##### Data

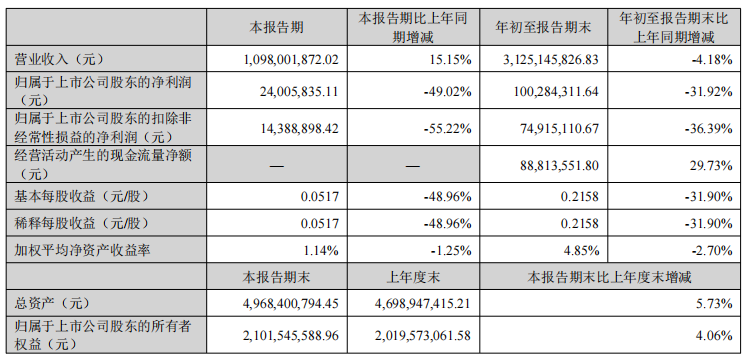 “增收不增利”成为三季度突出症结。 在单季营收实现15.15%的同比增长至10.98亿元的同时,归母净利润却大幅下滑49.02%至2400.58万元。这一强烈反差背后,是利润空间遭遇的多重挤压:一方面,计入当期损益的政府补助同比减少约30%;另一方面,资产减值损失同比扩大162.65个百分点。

##########
##### Data

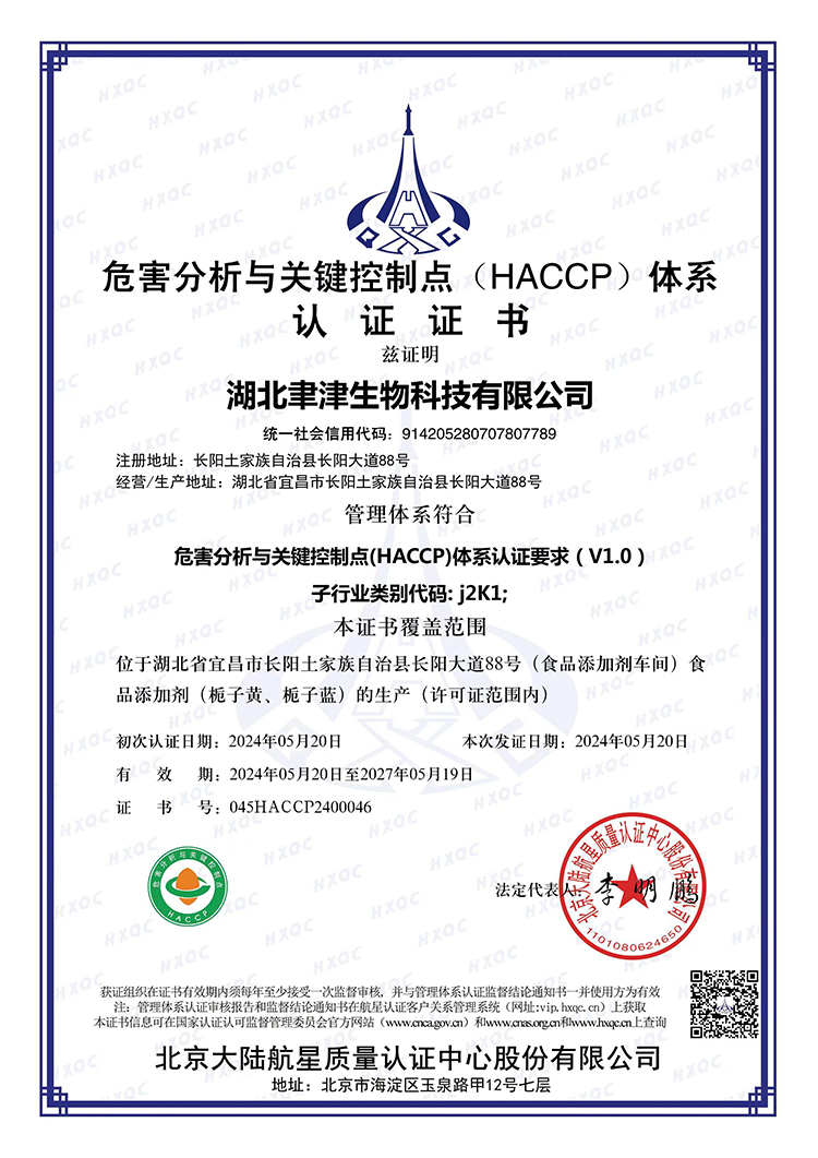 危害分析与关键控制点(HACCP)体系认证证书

##########
##### Data

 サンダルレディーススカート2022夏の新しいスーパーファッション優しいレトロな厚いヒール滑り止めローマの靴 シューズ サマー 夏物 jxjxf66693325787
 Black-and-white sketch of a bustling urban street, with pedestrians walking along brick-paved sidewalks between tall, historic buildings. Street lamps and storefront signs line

##########

* [Task to complete]:
Find the line with "サンダルレディーススカート2022夏の新しいスーパーファッション優しいレトロな厚いヒール滑り止めローマの靴 シューズ サマー" in the material above. Reproduce it and each line after it up to and including the line with "Black-and-white sketch of".

* [Answer for the task]:
 サンダルレディーススカート2022夏の新しいスーパーファッション優しいレトロな厚いヒール滑り止めローマの靴 シューズ サマー 夏物 jxjxf66693325787
 Black-and-white sketch of a bustling urban street, with pedestrians walking along brick-paved sidewalks between tall, historic buildings. Street lamps and storefront signs line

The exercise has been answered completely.